Former Obama Officials Warned Democrats About Inflation

Written by Vincent Cain

A former economic aide for President Obama, Steven Rattner, slammed Biden in a New York Times essay for getting inflation “so wrong,” while also reminding the Democrats that he and many other experts have warned them that this would happen. Rattner had served as a counselor to the Treasury Department in the Obama administration. 

Prices have gone up 6.2 percent from a year ago, with The U.S. Consumer Price Index at the highest it’s been in 30 years.
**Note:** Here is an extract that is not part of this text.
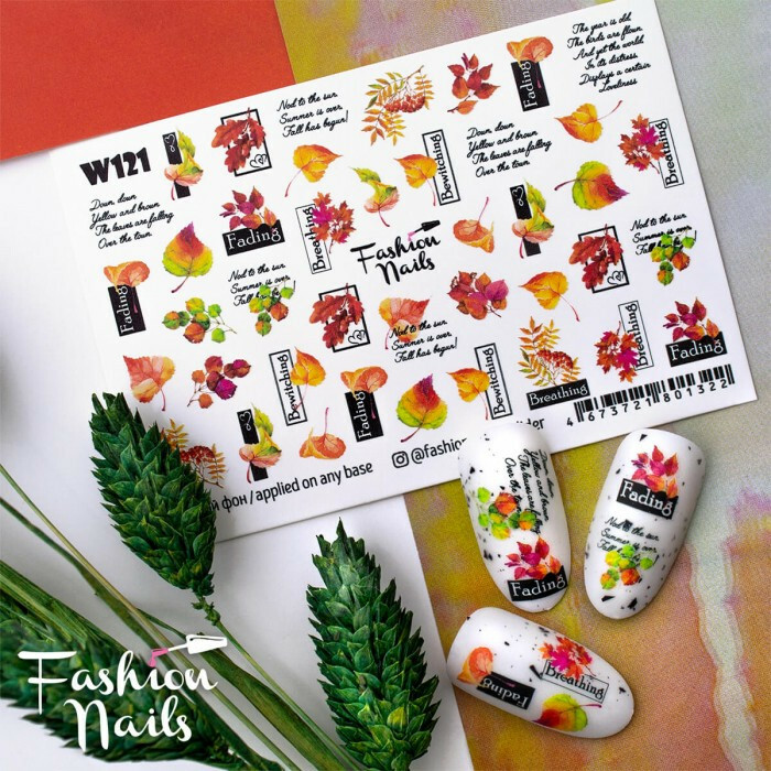 Froomo, маркетплейс професійної косметики та товарів для здоров'я\\Осінній слайдер дизайн Водні Наклейки для Нігтів Осіннє Листя Fashion Nails W121

According to Federal Election Commission findings, Rattner has donated hundreds of thousands of dollars to Democrats. He asked, “How could an administration loaded with savvy political and economic hands have gotten this critical issue so wrong?”

Rattner said that it started with the $1.9-trillion coronavirus package that President Biden signed this year.

Rattner also stated, “They can’t say they weren’t warned — notably by Larry Summers, a former Treasury secretary and my former boss in the Obama administration, and less notably by many others, including me. We worried that shoveling an unprecedented amount of spending into an economy already on the road to recovery would mean too much money chasing too few goods.”

Rattner also rejected the idea that Biden’s Build Back Better plan will help lighten the problem.

White House national economic director, Brian Deese, said, “By providing affordable child care, affordable elder care, we’re going to help get those people back into the workforce, which will reduce price pressures while also reducing the practical costs that Americans face. That’s the case we’re going to make and that’s the case why delivering right now for the American people is the right thing to do.”

Rattner referred to it as “a package that front-loads spending while tax revenues arrive only over a decade.” Rattner’s criticism of the administration comes after multiple stories on how Thanksgiving and Christmas will be more expensive because of the policies of Joe Biden.